第5話 翼の部屋で

 仕事が終わったらすぐに向かう。

 早く会いたい。

 急いで向かう近藤係長の家はもう何度目の訪問だったか?


 今夜も熱い情事が待っているのだろうか。


(早く翼に抱かれたい)


 最近の私はおかしい。

 自分でも色気のことばかり翼と交わすベッドでのキスや翼の肌の感触やスーツ姿ではない裸の姿ばかり考えてしまっていた。


 係長を翼を満足させられ続ければ婚約者を捨てて私の方に来てくれるんじゃないかと淡い期待をいつしかいだいていた。

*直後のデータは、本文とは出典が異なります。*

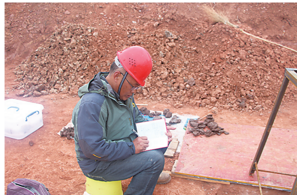
▲考古队员正在进行发掘记录。

里旺古城重见天日 策划/尹二荣 刘小波 执行/株洲晚报融媒体记者 陈驰 里旺古城,位于攸县网岭镇里旺村,历时一年多,从国家文物局批准对南城墙处进行抢救性考古发掘,到今年考古发掘任务顺利完成,不仅确定了古城遗址规模,还发掘出陶高、陶豆、陶盆等上百件文物,取得了阶段性胜利。

 デパートで新しい下着をいくつも試着して少し際どいデザインの物や可愛いもの黒の下着や少し透けた感じのものを選んでいく。

 翼が好きそうな組み合わせも新調していった。


 翼に夢中になればなるほどに私はどんどん大胆になっていく。


 深みにハマっていく。

 

 いつか必ず辛くなるのは分かっていたのに。


 このあいだは煙草が苦手な私に気を使ってベランダで煙草をくゆらす翼の後ろ姿に、胸がぎゅうっと切なくなって結局私はベランダに出た。


 私が後ろから翼の背中を抱くと彼は笑った。


「もう一度したくなったのか?」

 翼は私に抱かれたまま私の腕に左手を添えた。

 煙草を持つ右手は所在なさげに空中に止まっていた。


 ゆらゆらと煙が上がっていた。